Multibillion-dollar machine without adult supervision

The central problem, the insider insists, is the near-total absence of Department of Finance oversight.

“Any time Finance tries to get involved, they get snowballed with nonsense until they back off,” they said.

Since the Howard era, procurement projects have increasingly been run by the uniformed military without any serious civilian oversight.

“An officer’s job is to get as much money into their service as possible – jets for the RAAF, ships for the Navy. No one ever gets promoted for cancelling a project, only for growing one.”

The result? A structure prone to bloat, duplication and opacity – a vast multibillion-dollar slush fund, effectively accountable only to itself.

Revolving doors and future careers

The Defence portfolio is infamous for its revolving door into the arms industry. Former ministers and senior staff – from Kim Beazley and Mike Kelly to Brendan Nelson and Christopher Pyne – have slid seamlessly into military-industrial roles.

And with Defence Minister Richard Marles having no hope of becoming prime minister, his exhortations at the recent Indo-Pacific arms expo in Sydney that the weapons on display were “beautiful, menacing and extremely cool” were widely seen as a job application to the weapons manufacturers and merchants of death.
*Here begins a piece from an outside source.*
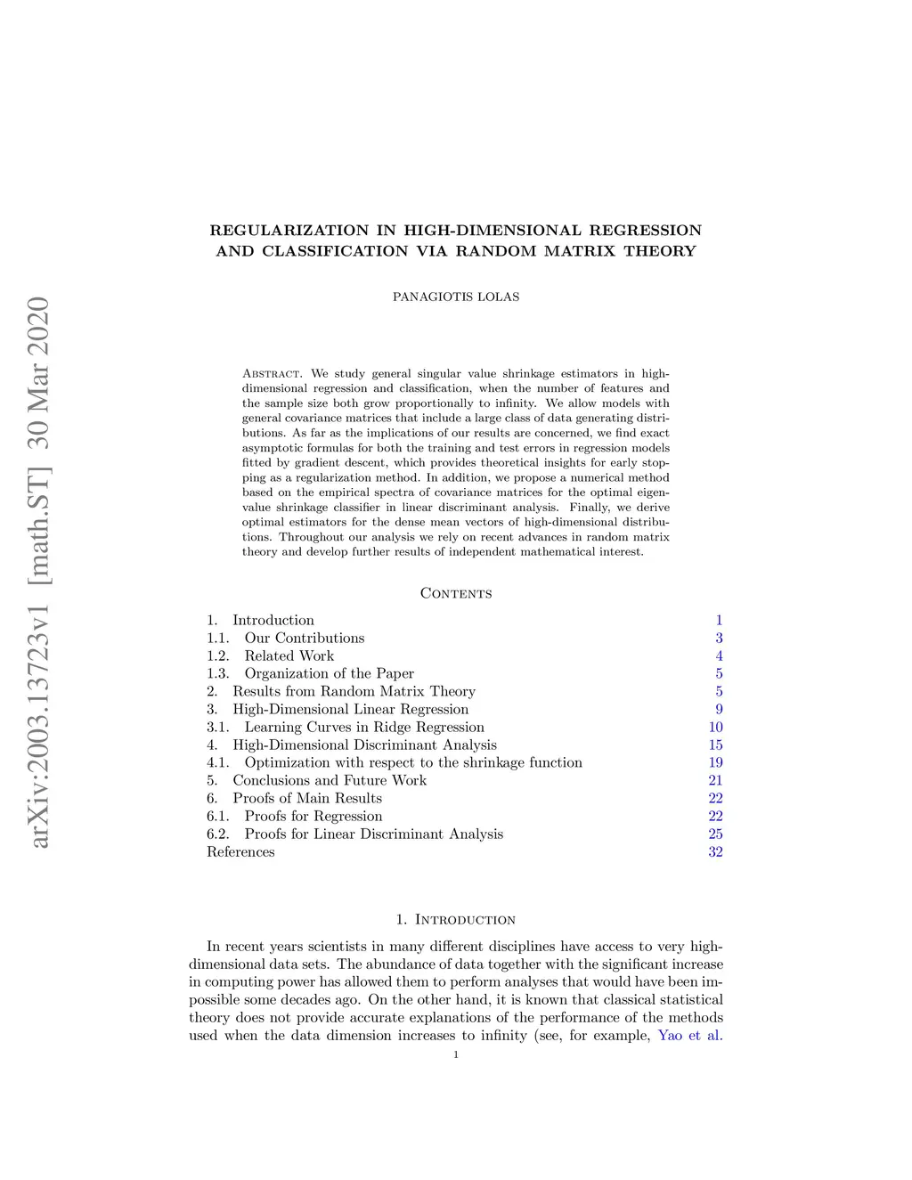 Regularization in High-Dimensional Regression and Classification via

Who knows if the current Minister for Defence Industry, Pat Conroy will follow?

AUKUS: billions for someone else’s strategy

Overarching all of this now is AUKUS – a program whose expenditures will dwarf even the largest previous Defence projects.

The public message is national security. But speaking to ALP members as part of the National Policy Forum ‘consultations’ on 2 December, Foreign Minister Senator Penny Wong was strikingly clear: AUKUS is not primarily about defending Australian waters.
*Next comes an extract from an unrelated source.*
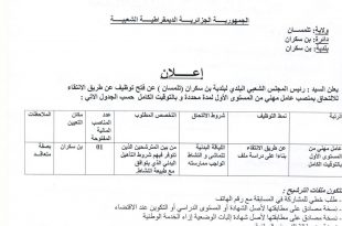 اعلانات توظيف الولايات المعنية: الجزائر العاصمة، بومرداس، تيبازة، البليدة، سطيف، قسنطينة، تيسمسيلت، ايليزي، باتنة، مستغانم، تندوف، تمنراست، بشار، غليزان، الشلف، الجلفة، وهران يرجى من المهتمين التقرب من الادارة المعنية بالعرض او الملحقة المحلية للتشغيل حسب طبيعة الاعلان ads المدرسة الوطنية العليا للفلاحة إعلان توظيف …

“The purpose of it is deterrence,” she said. “You want to put the question in the mind of any aggressor, a particular aggressor, whether the cost of conflict is worth it.”

This confirms that AUKUS is about projecting American power against China, not securing Australia’s territory.
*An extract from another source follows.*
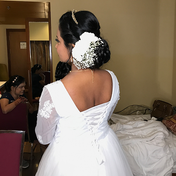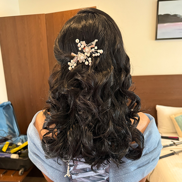 - Professional Hairstyling that complements your bridal outfit.

Billions spent, little learned

The re-creation of a mega-agency in the form of the Defence Delivery Agency appears less a reform than a familiar reflex. Without cultural change, independent oversight and the political will to challenge Defence spending’s sacred-cow status, insiders say nothing will improve.

Ultimately, it also shows that a permanent standing army, unaccountable to parliament, is not only a democratic affront, but also a financial godsend to military snake oil salespeople.

Meanwhile, Australia enters the AUKUS era – committing hundreds of billions to submarines and weapons that may not arrive for decades, if at all – as Defence restructures, rebrands and merges itself for the umpteenth time.

As the war drums beat louder from Trump in the White House the public remains, as always, none the wiser.